Do you have dogs?

How an unexpected question transformed intention into action

 

Recently, a friend shared with me how an unexpected question helped him move from intention to action. After role shifts in his career and at home, he’s been struggling to, as he put it, “regain control of my schedule.” He’s in a career defined by deadlines, so scheduling and planning are ingrained habits. Sometimes, he says, “so ingrained they get in the way.”

 “I’ve been trying to find time to get back in shape. I have a home gym, a basketball hoop in my driveway, and I worked out regularly for years before life changed a year ago. I want to get back into my routine, thing is, I only know one way to do it: plan, set a schedule, specific exercises, track my results. I’ve been focused on getting everything else done, so there was no time for all that. I wanted to get started, I thought about it every day… I just didn’t do it… until a couple months ago.”

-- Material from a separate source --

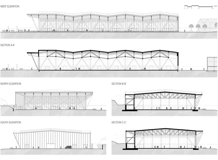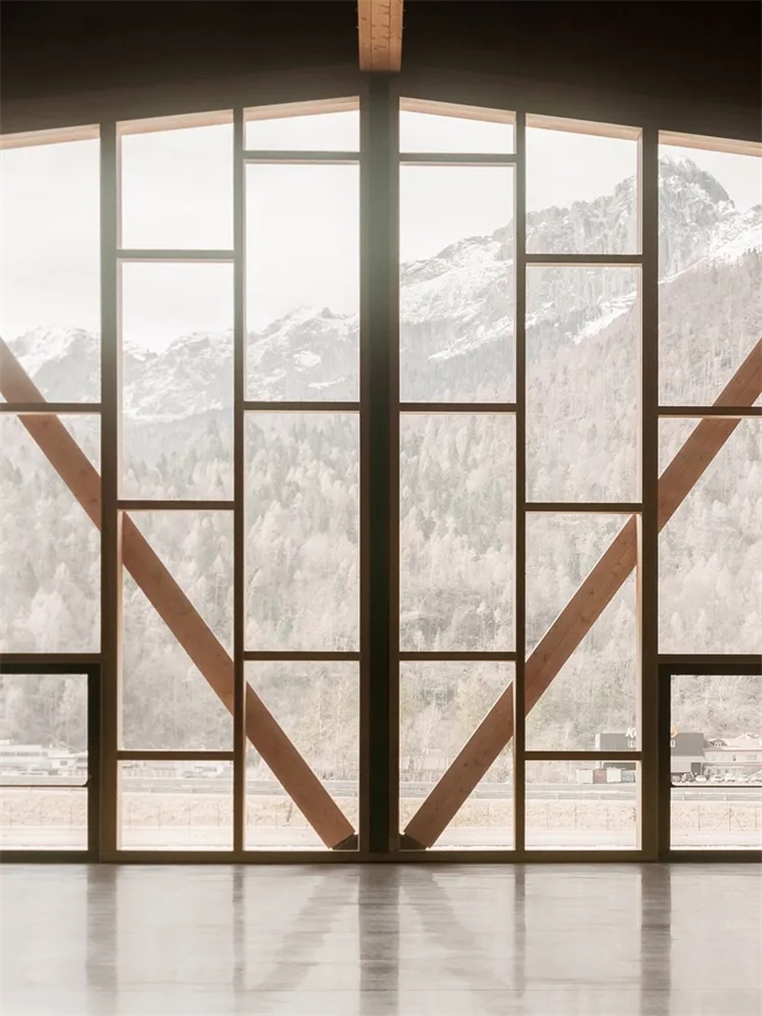建筑设计灵感来自具有木制框架和交叉支撑元素的阿尔卑斯山谷传统建筑。支撑结构采用木材构建,既具有环境兼容性,又与阿尔卑斯建筑传统保持一致。北立面和西立面被设计成面向景观的大面积透明玻璃幕墙,人们可以从建筑室内欣赏山脉。相反,东立面和南立面则相对闭塞。

        What changed, I asked.

        He smiled, shook his head, and said, “Someone reminded me I have a dog.”

        Come again?

        “I was talking about all this with a friend who owns a gym. I expected her to give me a lecture about prioritizing my physical health, invite me to her gym… nope.

        “She just grinned at me and asked, ‘Do you have dogs?’

        “I said I did – she knew I did – so I waited for the other shoe to drop. It did. She added, ‘Take your dog for a walk every day. Set an alarm if you have to. Just get up from your desk, put the leash on the dog, and get outside. He’ll love it, and you will too.’”

        “How does this help me plan my workout routine?” my friend asked the trainer.

        “It won’t,” the trainer said, “You don’t need a detailed plan to start exercising again. You want one, because plans are comfortable for you. You feel all this pressure to get everything done, to figure it all out with all these changes in your routine, and you won’t give yourself permission to introduce something different that might break up the flow. The work will be there when you get back, and, I promise, fifteen minutes won’t kill any deadlines.”

        My friend thought about what she said all the way home, where his dogs greeted him at the door. He started to walk past them – thinking about deadlines – and then, he stopped. Fifteen minutes, he thought. I’ve got that. So, he tossed his sport coat across the stair rail, changed his shoes, and took his furry pals for a walk.

        “That was a month ago,” my friend said, “And you know what? Two weeks in, on the way back from the walk, I opened the garage door and saw my weight bench, all dusty and ignored. Just fifteen minutes, I thought, and I got in a few quick sets.

      He laughed, “‘Walk the dog,’ she said. I thought she was patronizing me. When I chose to listen, I realized she was helping me see past my self-imposed limitations. Now my pants, and my perspective, both fit a lot better.”